It's 5 a.m. on a Sunday morning. The sun's not yet up, but the early mass at Santo Nino de Tondo Church is bursting with people, every pew packed, with hundreds more standing in the aisles as Auxiliary Bishop Broderick Pabillo delivers his sermon.
The church is in Tondo, one of Manila's most densely populated and poorest neighborhoods — one that has figured prominently in President Duterte's bloody war on drugs.
That war has claimed more than 7,500 lives in the past eight months. And in February, it prompted the Catholic Bishops' Conference of the Philippines to issue a rare pastoral letter — read at churches like this one — condemning the death toll, calling the drug war a "reign of terror" aimed largely at the poor.
It was a direct challenge to a president whose popularity remains high despite — or maybe because of — his war on drugs.
"He's a danger. He's really causing a lot of harm to a lot of people," Pabillo says. "We are not declaring war on the war on drugs, we are declaring war on the killings, on the extrajudicial killings."
The church has also come out strongly against another priority of the Duterte administration, the re-imposition of the death penalty. A version of the bill passed the Philippines House of Representatives last week and will now be considered by the Senate.
"The culture of death is what we are fighting," Pabillo says. "The culture where the belief is that death is the solution to problems."
In a country of more than 100 million people, more than 80 percent identify themselves as Catholic.
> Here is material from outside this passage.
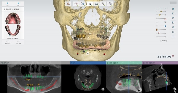 위의 장비들을 통해 얻은 3차원 정보는 즉시 컴퓨터로 전송돼 수술을 가장 안전하고 성공적으로 마칠 수 있도록 ‘모의수술’ 단계를 거치게 된다. 특히 이 모의수술 단계에서 최종보철물이 제작되며, 이에 따라 임플란트 식립 기간도 6개월에서 1일로 크게 줄게 된다는 것이다. 예전에는 임시치아를 수술 당일에 끼우고 수개월 뒤 다시 내원해 최종보철물로 교체했다고 한다.

And the church has traditionally wielded a great deal of political power, even though the Philippines is a secular state.
The pastoral letter condemning the drug war, says sociologist of religion Jayeel Cornelio, "is an assertion of the public role of the Catholic Church in the Philippines as an institution that always informs policy."
But there's a problem, says Cornelio, who directs the Development Studies Program at Ateneo de Manila University: People's perception of the church has changed.
The church today is not the same powerful political actor that helped bring down Philippine dictator Ferdinand Marcos in 1986. Back then, Cardinal Jaime Sin, Manila's archbishop, was an instrumental figure in the "People Power" revolution that toppled Marcos.
"So this is how things have already changed in the public sphere," Cornelio says. "It used to be that Cardinal Sin, whatever he said, was quite influential and people would listen to what he would say. Because at that time, Cardinal Sin was the antithesis to Ferdinand Marcos, the Catholic Church was the antithesis to the regime.
"Now the Catholic Church is not seen as that. I think more and more people would like to see the church fulfill its spiritual mandate more than its political mandate."
These days — in an increasingly secularized Philippines — Cornelio says polls show Philippine Catholics don't like it when priests use the pulpit for any political message.
They're also increasingly intolerant of the church interfering in their private lives.
The Philippines remains one of the few countries in the world where divorce is illegal. And access to family planning services remains contested, despite passage of a 2012 law meant to ensure availability of free contraceptives and prenatal care to all.
Some local municipalities have dragged their feet in implementing the law; the church and other groups have gone to court to block parts of it as well.
Duterte — who sees access to family planning as an anti-poverty measure — put another shot across the church's bow when he signed an executive order calling for the full and immediate implementation of the law, allowing millions of the poor access to free contraceptive and reproductive health services.
"He's a person who has openly challenged the church in terms of interference in the affairs of the state," says political analyst Richard Heydarian. "The Catholic Church was trying its best to sabotage the government's effort to have a much more effective population management program.
"Now Duterte comes in and essentially tells them to bug off, and he moves ahead with the reproductive health policy without any concern as for the backlash of the church."
Duterte speaks far worse of the church's criticism of his war on drugs.
In January, he accused the church of being "full of s***, corruption and all." He doubled down on his criticism of the church after the pastoral letter.
Sociologist Jayeel Cornelio says it's not just an emotional response by the president. It's a calculated attack to "delegitimize" the church's role as a political player.
"So," he says, "long story short, I think Duterte is simply, number one, capitalizing on public sentiment against the political involvement of the church. And two, it is a systematic attack on any critique or any criticism of this current administration."
Several of Pabillo's parishioners seem unperturbed by Duterte's blunt language, having long ago grown accustomed to his style. And despite Pabillo's sermon, many say they agree with Duterte's war on drugs — even the extrajudicial killings.
Pabillo concedes the church is facing an uphill battle. "But it's not a matter for us of winning or losing," he says. " It's a matter of right or wrong."